Lessons in Data Engineering: Scaling, AI, and Open Source with Sandy Ryza
Feb 7, 2025
auto_awesome
Sandy Ryza, a lead engineer on Dagster, shares his rich journey from software engineering to data science. He dives into the evolution of data engineering, emphasizing its increasing complexity and the vital role of AI in shaping data platforms. Sandy discusses best practices for managing data, highlighting the integration of software engineering principles. He also reflects on the future of open-source tools and the importance of data ownership in modern infrastructures. His insights offer great value for both seasoned professionals and newcomers in the field.
Sandy Ryza emphasizes the necessity of software engineering principles to manage increasing complexity in modern data pipelines and ensure scalable data platforms.
The rise of unstructured data and AI will reshape data engineering, making intentional platform design and interoperability critical for future success.
Deep dives
Sandy's Journey in Data Engineering
Sandy shares his multifaceted career journey that has revolved around data engineering, starting as a software engineer building tools for complex data sets. After transitioning to a data practitioner role, he faced various challenges that fueled his desire to refocus on creating better tools. This culminated in his current work on Dagster, an orchestration and data management tool aimed at improving data pipelines.
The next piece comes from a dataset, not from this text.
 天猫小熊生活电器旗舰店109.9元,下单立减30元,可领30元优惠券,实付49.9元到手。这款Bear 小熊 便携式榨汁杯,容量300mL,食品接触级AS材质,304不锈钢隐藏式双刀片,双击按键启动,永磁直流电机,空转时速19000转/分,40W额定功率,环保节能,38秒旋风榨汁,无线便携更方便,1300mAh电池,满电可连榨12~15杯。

His experiences reflect a holistic understanding of both the technical and practical aspects of data engineering, positioning him as a thought leader in the field.
Understanding Data Complexity
One key insight is the complexity involved in handling large amounts of data, which often surpasses merely processing size. Sandy emphasizes that many practitioners face challenges with understanding the interconnections among diverse datasets and the multitude of processing steps needed to derive valuable insights. He recounts his experiences at Clover Health and Keep Trucking, where he built internal tools to manage this complexity, highlighting the importance of overcoming the traditional limitations of data handling. The growing intricate nature of data processing now requires innovative solutions to manage diverse and interrelated datasets effectively.
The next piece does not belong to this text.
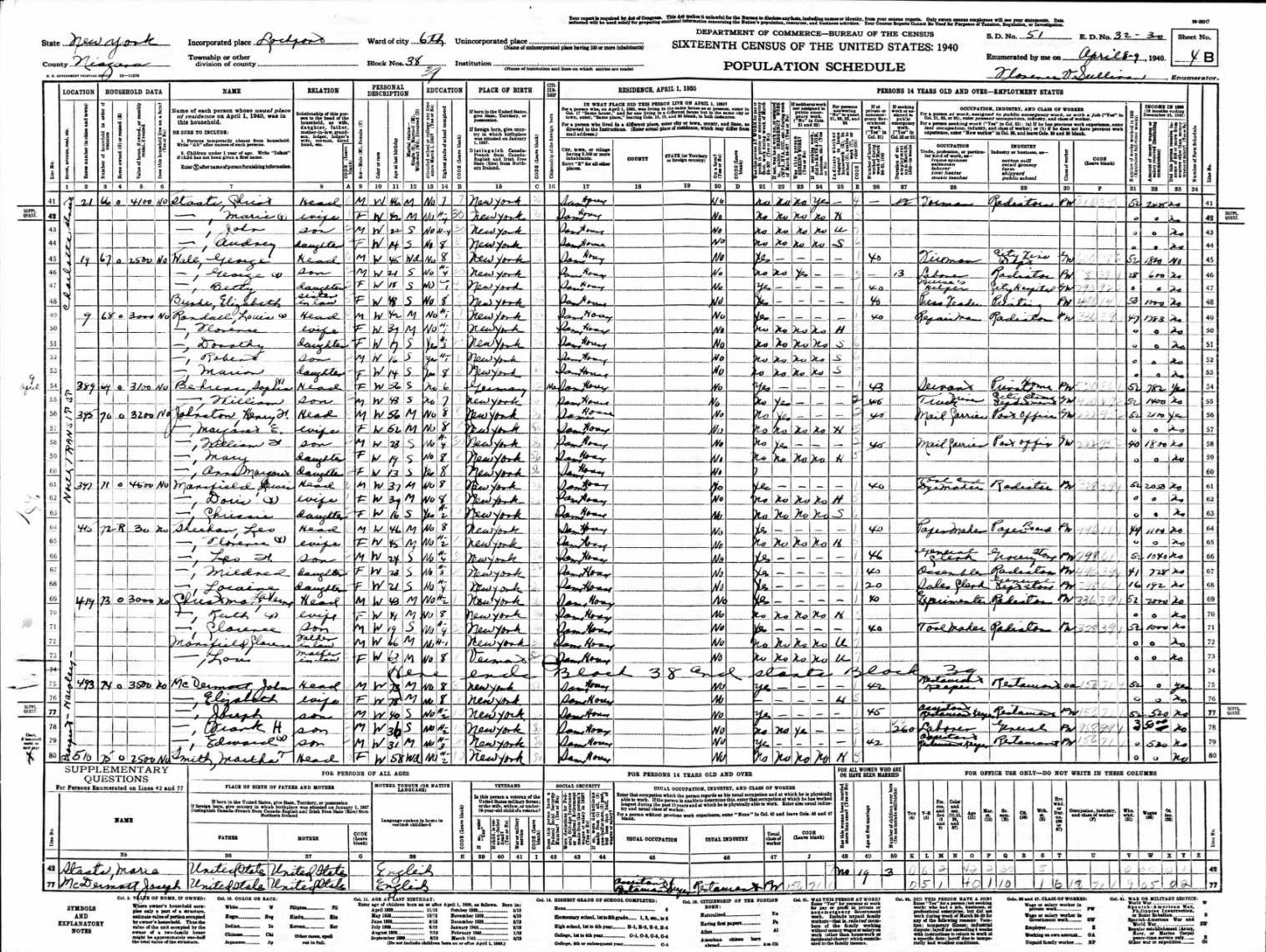 Staats Family 1940 Federal Census New York, Lines 41-44

The Role of Data Pipelines and Dagster
Data pipelines are crucial for moving data from its raw forms to actionable insights within organizations. They involve not only effective data movement but also transformation processes that prepare data assets for decision-making and product functionalities. Dagster serves as a pivotal tool in orchestrating these data pipelines, ensuring a smooth flow from source data to intermediate and ultimate usable assets. This orchestration minimizes the disconnect often found in handling large datasets and aids in constructing a robust data management framework.
Future of Data Engineering and Best Practices
The future of data engineering is expected to see an increase in complexity due to the growth of unstructured data and AI applications, influencing how data is managed and utilized. Sandy advises aspiring data engineers to adopt software engineering practices for effective data management, highlighting the significance of intentional platform design from the outset. Organizations should strive for thoughtful data platforms that consider future scalability and complexity to preemptively address potential complications. Additionally, fostering 'software-defined data assets' through robust version control and testing will help streamline data architecture and maintain clarity as data ecosystems evolve.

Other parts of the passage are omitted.